# Work task:
Looking at the listing below, retype exactly the lines starting at the one containing "Design sofisticado: Esconda" and ending at the one containing "Medgeneracijski center Vezenine", both included, and nothing else.

***** Given entries *****

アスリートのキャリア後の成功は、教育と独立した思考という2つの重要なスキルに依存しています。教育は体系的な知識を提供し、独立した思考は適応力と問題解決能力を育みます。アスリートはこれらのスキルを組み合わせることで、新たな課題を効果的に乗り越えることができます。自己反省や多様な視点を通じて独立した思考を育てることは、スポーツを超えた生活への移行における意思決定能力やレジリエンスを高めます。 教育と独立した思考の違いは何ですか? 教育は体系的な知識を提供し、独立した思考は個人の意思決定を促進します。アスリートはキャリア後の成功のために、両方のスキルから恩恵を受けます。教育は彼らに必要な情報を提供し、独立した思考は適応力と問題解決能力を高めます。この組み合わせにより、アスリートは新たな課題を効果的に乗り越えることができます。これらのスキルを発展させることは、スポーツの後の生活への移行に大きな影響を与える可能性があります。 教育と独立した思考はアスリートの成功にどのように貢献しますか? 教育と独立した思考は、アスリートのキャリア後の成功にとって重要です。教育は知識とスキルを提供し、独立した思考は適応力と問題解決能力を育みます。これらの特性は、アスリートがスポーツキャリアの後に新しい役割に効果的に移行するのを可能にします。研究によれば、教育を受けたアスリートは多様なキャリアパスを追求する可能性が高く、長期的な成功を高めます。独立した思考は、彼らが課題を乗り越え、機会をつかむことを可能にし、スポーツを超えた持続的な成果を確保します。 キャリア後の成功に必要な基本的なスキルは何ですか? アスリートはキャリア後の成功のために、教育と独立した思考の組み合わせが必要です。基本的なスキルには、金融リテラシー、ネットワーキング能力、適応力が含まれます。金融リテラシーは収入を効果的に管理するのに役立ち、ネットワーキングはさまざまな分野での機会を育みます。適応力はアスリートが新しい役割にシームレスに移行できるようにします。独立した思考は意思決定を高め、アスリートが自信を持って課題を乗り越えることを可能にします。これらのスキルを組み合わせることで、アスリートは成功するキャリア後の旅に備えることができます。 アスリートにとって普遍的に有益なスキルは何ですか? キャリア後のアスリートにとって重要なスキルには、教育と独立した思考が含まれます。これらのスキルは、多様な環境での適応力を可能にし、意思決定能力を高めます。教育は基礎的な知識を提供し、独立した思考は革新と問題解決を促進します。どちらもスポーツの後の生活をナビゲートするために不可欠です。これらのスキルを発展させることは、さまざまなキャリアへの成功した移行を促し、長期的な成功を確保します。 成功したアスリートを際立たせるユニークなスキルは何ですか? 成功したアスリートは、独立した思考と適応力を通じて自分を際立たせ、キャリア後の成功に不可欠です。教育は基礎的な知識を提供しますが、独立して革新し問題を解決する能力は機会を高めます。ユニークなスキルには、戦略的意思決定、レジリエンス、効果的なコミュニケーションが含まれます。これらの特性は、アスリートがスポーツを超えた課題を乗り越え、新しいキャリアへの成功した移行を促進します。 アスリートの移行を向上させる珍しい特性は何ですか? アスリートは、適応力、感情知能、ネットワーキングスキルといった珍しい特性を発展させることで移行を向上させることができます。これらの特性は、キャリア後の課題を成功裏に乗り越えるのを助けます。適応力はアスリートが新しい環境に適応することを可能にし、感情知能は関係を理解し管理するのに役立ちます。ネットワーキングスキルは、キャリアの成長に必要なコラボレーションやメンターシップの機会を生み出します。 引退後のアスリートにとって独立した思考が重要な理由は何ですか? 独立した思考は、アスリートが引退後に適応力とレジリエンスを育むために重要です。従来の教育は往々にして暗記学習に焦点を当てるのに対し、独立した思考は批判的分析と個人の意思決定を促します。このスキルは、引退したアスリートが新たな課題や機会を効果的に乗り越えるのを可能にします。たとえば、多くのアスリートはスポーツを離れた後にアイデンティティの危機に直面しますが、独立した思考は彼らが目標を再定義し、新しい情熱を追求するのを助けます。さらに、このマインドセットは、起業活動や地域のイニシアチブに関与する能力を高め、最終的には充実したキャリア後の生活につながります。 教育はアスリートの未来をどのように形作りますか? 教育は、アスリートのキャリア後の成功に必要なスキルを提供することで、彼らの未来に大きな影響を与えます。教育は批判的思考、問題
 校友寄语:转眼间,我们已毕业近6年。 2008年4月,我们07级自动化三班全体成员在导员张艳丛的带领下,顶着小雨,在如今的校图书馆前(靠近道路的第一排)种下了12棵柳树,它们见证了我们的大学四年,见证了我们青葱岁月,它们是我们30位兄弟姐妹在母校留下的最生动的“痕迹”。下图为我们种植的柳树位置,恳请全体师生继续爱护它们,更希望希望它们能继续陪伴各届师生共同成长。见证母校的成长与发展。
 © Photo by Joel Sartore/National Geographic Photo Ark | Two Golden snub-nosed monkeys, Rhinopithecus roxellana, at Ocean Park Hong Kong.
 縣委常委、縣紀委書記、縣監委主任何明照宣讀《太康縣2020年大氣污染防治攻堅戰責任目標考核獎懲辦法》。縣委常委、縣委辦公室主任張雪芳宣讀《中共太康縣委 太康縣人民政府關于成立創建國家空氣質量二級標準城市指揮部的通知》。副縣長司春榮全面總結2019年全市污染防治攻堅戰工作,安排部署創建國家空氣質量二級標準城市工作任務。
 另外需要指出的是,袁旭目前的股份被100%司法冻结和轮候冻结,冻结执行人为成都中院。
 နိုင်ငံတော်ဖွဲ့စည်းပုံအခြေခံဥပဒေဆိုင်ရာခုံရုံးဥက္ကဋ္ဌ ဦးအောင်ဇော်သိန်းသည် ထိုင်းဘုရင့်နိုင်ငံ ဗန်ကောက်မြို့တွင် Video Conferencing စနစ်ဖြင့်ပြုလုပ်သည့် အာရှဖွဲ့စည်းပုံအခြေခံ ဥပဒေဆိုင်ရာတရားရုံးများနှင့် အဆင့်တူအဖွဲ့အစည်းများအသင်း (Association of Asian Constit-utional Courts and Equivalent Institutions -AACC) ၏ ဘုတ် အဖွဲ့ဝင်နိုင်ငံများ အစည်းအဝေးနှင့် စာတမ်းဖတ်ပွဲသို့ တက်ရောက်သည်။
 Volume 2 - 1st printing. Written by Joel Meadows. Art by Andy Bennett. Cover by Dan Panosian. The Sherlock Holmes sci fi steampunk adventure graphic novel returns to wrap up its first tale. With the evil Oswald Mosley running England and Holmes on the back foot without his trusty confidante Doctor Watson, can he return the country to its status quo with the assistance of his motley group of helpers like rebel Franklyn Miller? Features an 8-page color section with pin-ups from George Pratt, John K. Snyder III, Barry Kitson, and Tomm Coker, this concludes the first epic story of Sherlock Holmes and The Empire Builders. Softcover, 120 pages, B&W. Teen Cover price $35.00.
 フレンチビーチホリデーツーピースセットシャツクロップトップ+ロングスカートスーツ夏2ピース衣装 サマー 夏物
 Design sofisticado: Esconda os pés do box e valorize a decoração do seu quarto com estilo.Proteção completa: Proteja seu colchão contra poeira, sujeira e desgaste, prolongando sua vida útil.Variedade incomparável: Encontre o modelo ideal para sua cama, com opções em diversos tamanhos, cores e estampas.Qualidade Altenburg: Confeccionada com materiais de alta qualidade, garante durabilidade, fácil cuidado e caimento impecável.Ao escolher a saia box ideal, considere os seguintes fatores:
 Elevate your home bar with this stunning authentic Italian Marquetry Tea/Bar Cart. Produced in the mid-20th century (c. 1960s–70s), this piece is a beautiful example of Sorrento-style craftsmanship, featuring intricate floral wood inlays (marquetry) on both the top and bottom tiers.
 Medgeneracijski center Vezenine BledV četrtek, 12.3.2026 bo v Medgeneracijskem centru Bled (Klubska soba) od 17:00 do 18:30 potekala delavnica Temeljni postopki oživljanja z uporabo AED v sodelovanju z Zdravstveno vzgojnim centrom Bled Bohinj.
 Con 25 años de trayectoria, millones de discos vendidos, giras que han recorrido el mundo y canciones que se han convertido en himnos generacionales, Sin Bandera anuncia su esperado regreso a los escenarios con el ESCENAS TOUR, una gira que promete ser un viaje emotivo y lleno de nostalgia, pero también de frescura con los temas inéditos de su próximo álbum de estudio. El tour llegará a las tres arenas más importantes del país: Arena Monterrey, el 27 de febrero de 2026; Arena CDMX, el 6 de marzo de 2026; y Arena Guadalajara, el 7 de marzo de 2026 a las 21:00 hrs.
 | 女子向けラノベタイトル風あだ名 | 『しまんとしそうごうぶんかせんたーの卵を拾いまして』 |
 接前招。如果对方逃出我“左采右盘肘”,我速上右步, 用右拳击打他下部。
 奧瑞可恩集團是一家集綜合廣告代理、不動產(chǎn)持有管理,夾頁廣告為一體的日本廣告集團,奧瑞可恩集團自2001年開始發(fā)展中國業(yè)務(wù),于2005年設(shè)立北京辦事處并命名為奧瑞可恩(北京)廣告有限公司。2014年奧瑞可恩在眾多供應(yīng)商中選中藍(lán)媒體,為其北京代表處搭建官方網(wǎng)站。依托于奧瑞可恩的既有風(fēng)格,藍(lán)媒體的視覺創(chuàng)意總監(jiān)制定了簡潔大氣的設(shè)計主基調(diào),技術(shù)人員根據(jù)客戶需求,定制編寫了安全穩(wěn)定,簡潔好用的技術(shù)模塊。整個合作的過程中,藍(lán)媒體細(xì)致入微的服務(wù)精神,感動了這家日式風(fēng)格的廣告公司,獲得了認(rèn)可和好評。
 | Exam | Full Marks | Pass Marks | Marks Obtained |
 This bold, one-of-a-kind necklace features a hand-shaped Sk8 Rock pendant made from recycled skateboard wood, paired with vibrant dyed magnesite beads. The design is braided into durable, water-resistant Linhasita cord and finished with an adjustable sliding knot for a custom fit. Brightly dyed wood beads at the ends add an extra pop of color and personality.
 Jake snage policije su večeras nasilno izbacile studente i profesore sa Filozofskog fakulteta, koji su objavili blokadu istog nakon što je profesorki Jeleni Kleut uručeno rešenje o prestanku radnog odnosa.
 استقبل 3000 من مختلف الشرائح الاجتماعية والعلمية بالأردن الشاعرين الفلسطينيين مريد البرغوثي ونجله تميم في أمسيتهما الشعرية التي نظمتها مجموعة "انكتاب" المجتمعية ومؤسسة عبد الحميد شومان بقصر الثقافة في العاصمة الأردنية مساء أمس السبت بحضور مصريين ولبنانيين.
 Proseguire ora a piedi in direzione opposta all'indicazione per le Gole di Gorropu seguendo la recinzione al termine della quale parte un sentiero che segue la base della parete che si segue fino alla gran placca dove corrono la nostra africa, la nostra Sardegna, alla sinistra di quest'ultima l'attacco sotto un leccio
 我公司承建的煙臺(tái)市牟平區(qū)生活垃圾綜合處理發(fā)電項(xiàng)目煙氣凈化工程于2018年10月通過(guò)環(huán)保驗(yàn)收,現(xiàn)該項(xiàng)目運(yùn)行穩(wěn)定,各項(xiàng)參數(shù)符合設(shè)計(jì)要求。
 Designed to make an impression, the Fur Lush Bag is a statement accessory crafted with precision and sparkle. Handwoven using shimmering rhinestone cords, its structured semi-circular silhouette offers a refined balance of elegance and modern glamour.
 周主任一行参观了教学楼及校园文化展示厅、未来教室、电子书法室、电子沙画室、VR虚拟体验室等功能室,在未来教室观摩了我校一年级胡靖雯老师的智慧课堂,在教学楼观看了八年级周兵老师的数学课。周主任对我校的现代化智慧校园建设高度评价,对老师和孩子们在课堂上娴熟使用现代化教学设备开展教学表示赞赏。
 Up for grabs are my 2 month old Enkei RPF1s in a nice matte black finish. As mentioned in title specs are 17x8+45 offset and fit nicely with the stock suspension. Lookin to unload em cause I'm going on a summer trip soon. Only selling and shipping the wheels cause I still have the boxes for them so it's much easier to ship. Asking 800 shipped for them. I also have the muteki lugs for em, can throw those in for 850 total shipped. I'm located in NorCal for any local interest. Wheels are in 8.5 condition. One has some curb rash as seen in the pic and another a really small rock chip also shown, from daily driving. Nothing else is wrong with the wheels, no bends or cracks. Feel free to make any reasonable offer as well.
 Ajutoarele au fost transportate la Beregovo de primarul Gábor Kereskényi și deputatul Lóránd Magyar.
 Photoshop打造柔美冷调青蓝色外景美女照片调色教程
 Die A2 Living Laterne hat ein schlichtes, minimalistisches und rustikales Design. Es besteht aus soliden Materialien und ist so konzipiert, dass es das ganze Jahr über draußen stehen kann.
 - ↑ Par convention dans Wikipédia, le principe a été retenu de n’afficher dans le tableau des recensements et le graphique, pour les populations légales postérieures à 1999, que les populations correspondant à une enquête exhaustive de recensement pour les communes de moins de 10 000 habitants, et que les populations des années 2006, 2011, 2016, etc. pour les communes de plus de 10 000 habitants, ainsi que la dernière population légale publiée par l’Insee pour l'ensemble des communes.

*****

# Solution:
 Design sofisticado: Esconda os pés do box e valorize a decoração do seu quarto com estilo.Proteção completa: Proteja seu colchão contra poeira, sujeira e desgaste, prolongando sua vida útil.Variedade incomparável: Encontre o modelo ideal para sua cama, com opções em diversos tamanhos, cores e estampas.Qualidade Altenburg: Confeccionada com materiais de alta qualidade, garante durabilidade, fácil cuidado e caimento impecável.Ao escolher a saia box ideal, considere os seguintes fatores:
 Elevate your home bar with this stunning authentic Italian Marquetry Tea/Bar Cart. Produced in the mid-20th century (c. 1960s–70s), this piece is a beautiful example of Sorrento-style craftsmanship, featuring intricate floral wood inlays (marquetry) on both the top and bottom tiers.
 Medgeneracijski center Vezenine BledV četrtek, 12.3.2026 bo v Medgeneracijskem centru Bled (Klubska soba) od 17:00 do 18:30 potekala delavnica Temeljni postopki oživljanja z uporabo AED v sodelovanju z Zdravstveno vzgojnim centrom Bled Bohinj.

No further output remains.